NEW YORK (CBSNewYork/AP) – Another bomb threat targeted a Jewish institution in the Tri-State Area Thursday.
This time, an email threat shut down the Jewish Children’s Museum in Crown Heights, Brooklyn for hours, as the bomb squad investigated what turned out to be a sick and illegal joke.
Museum founder Devorah Halberstam said the threat came in from overseas to the museum on Eastern Parkway around 8:30 a.m.
“There was a threat that there were three pipe bombs planted in the museum,” said Halberstam, who founded the museum after her 16-year-old son Ari was killed in the 1994 Brooklyn Bridge shooting. “A person who would make a threat is a person who is full of hatred.”
Museum staffer David Sholom Pape building when it was evacuated He spoke Thursday with CBS2’s Jessica Moore.
“Thousands of Jews come here all the time,” Pape said. “And this is how (those issuing threats) work — they go for a soft spot, right?”
The 50,000 square-foot facility was evacuated and searched.
Once the all-clear was given the museum reopened for business.
Halberstam called it a horrible and sad event.

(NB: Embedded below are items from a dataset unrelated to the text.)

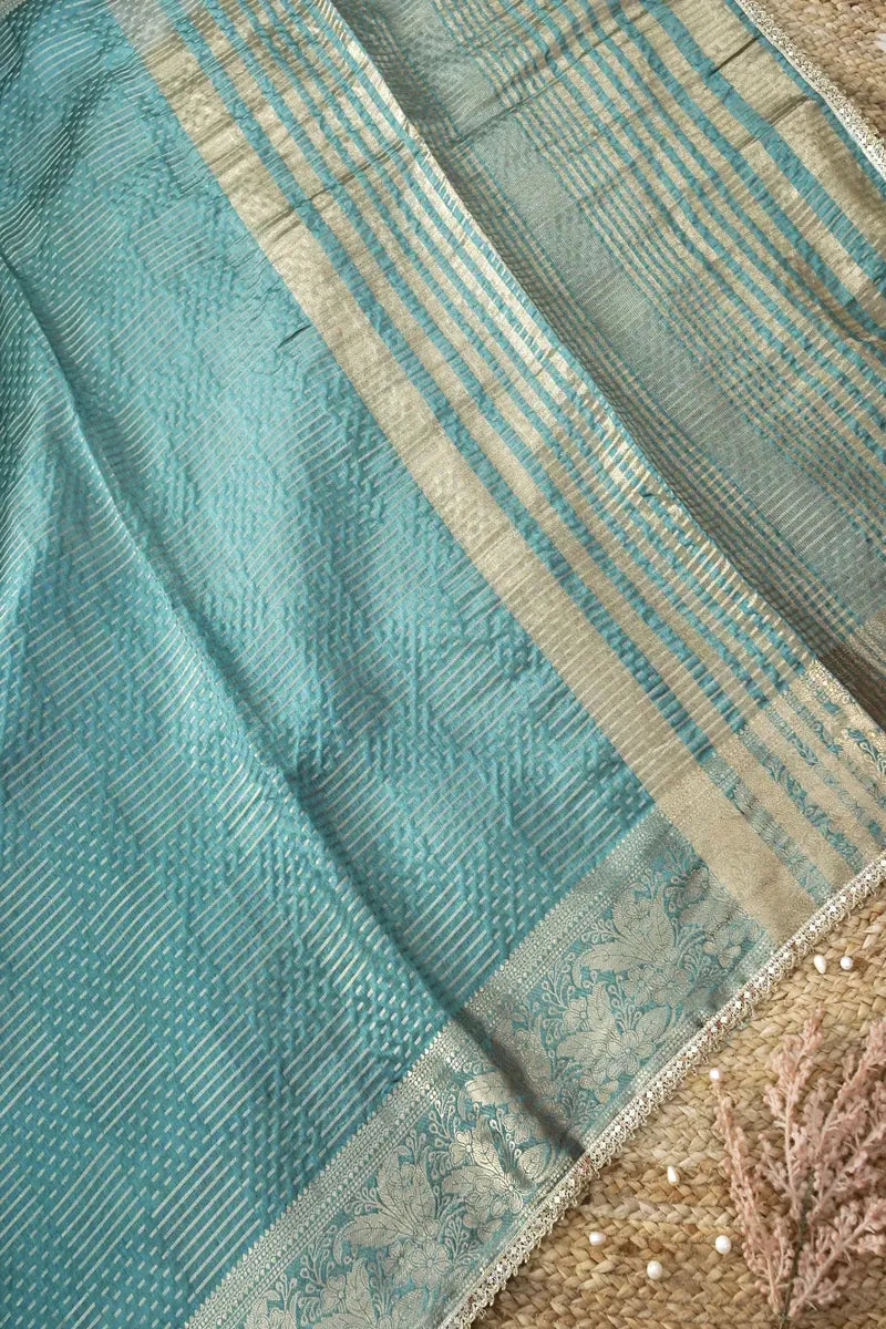 - Saree Details : Saree Fabric: Dola Silk | Blouse Fabric: Dola Silk | Saree Work: Golden Zari Flower Handwork Border | Blouse Work :Brocket Blouse Work | Saree Color: Aqua Blue | Blouse Color: Aqua Blue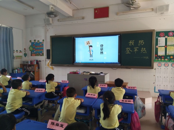 班會課上,班主任以區防疫中心派發的預防登革熱知識為內容的PPT及動畫視頻,細心講解,循循善誘,讓學生明白登革熱是一種通過蚊子叮咬傳播的急性傳染病,如何預防這傳染病,特別強調,在登革熱高發期,學生盡量減少外出,特別是少去草地、積水等蚊蟲密集的地方,防范蚊蟲叮咬。要求值日生每天對教室進行清掃消毒;對衛生死角要進行全面檢查,清除垃圾雜物等,讓他們一起行動起來,預防登革熱。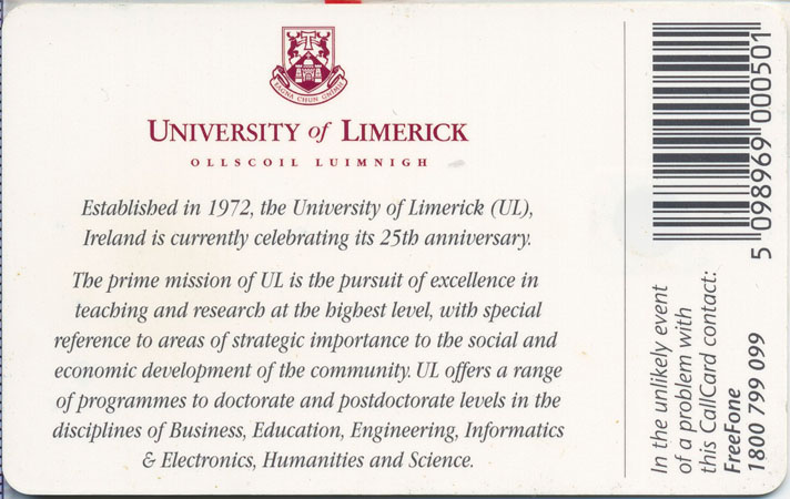 Callcard issued to celebrate the 25th year of the University Of Limerick.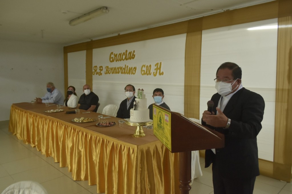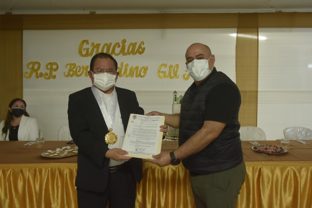 El alcalde, Rony Olivera colocó la medalla de la Ciudad en reconocimiento a su labor pastoral en el distrito. La autoridad edil destacó las acciones benéficas y predisposición de Padre Bernardino quien ha contribuido a mantener la fe y unidad de las familias Victorianas. A su turno el Padre Bernardino Gil expresó su agradecimiento a las autoridades ediles, grupos parroquiales y toda la comunidad católica por haber apoyado en esta labor de evangelización a la feligresía católica de las familias Victorianas.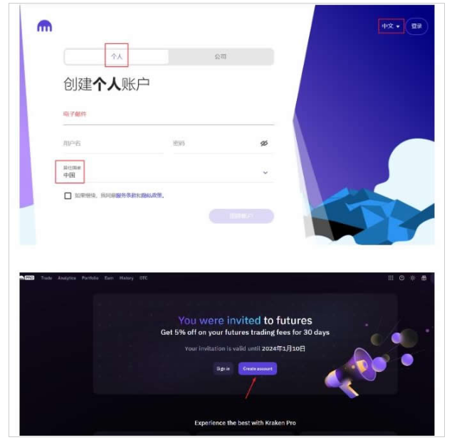 1、打开Kraken平台(https://www.kraken.com),语言切换到中文,选择个人账户,居住****,创建账户

“It’s very unfortunate but this is the world we live in, we have good and bad,” Halberstam said.
Mayor Bill de Blasio and Gov. Andrew Cuomo both visited the museum to show their support.
“I can’t tell you how personally upsetting it is to me,” Cuomo said. “It’s repugnant to everything we are and we believe as New Yorkers. It’s not getting better, it’s getting worse.”
The governor spoke about the New York State Police task force that is designed to track down people terrorizing Jewish centers across New York.
“When we find you — and we will find you — you will be prosecuted to the fullest extent of the law,” Cuomo said. “That I can promise you.”
CBS2 Political Reporter Marcia Kramer asked Cuomo, “If you could talk to the people making the threats, what would you say to them?”
“I wouldn’t say anything that you could show on that camera,” Cuomo replied.
As investigators work to find the people responsible, parents are dealing with the potential impact on their children.
“We say our Tanakh,” said Yichevet Lieba. “We have to pray. We need Hashem to protect everyone.”
“We do a lot of praying — a lot of prayer,” said Tikva Kolodny of Crown Heights.
While many parents in the Jewish community rely on a foundation of faith to help their kids cope, experts say there are tactical ways of helping them understand and process what is happening.
“It can be very traumatizing,” said psychotherapist Jennifer Abcug.
Abcug said kids look to their parents for how to react.
“For kids, it’s always reassurance; calmness, because they have wild imaginations,” she said.
Children’s imaginations can often surface in ordinary ways that parents should look for, according to Abcug.
“What’s going on in their closet; in their room? Who’s outside their window at night? Sometimes it’s good to start paying attention to what they’re drawing, or what they’re playing with, or how they’re playing with it,” she said. “They need to also see that we continue kind of doing the things we always do, even in the face of kind of strange, scary things happening.”
Earlier Thursday, NYPD Deputy Commissioner for Intelligence and Counter-Terrorism John Miller said that investigators believe one man using a voice changer and phone spoofing device is behind a large number of the scores of threats made against U.S. Jewish institutions this year.
Miller appeared on the show “CBS This Morning,” describing the attacks as coordinated. The spoofing device makes it appear the call is not coming from the number the man is using, and makes it appear it’s coming from within the institution, he said.
“We have an offender with some technical prowess here,” Miller said.
The Anti-Defamation League says 148 threats targeting Jewish institutions have been received across the country since January.
One arrest has been made in the threats, a man accused of making eight of the calls in an effort to harass his ex-girlfriend.
Miller said the NYPD is working with federal officials who are the lead investigators on the case. He said he’s working with institutions in New York to help them manage responses to the threats.
“Most of the time, the person who’s legitimately trying to do harm doesn’t call ahead to diminish the amount of harm he or she is doing,” he said.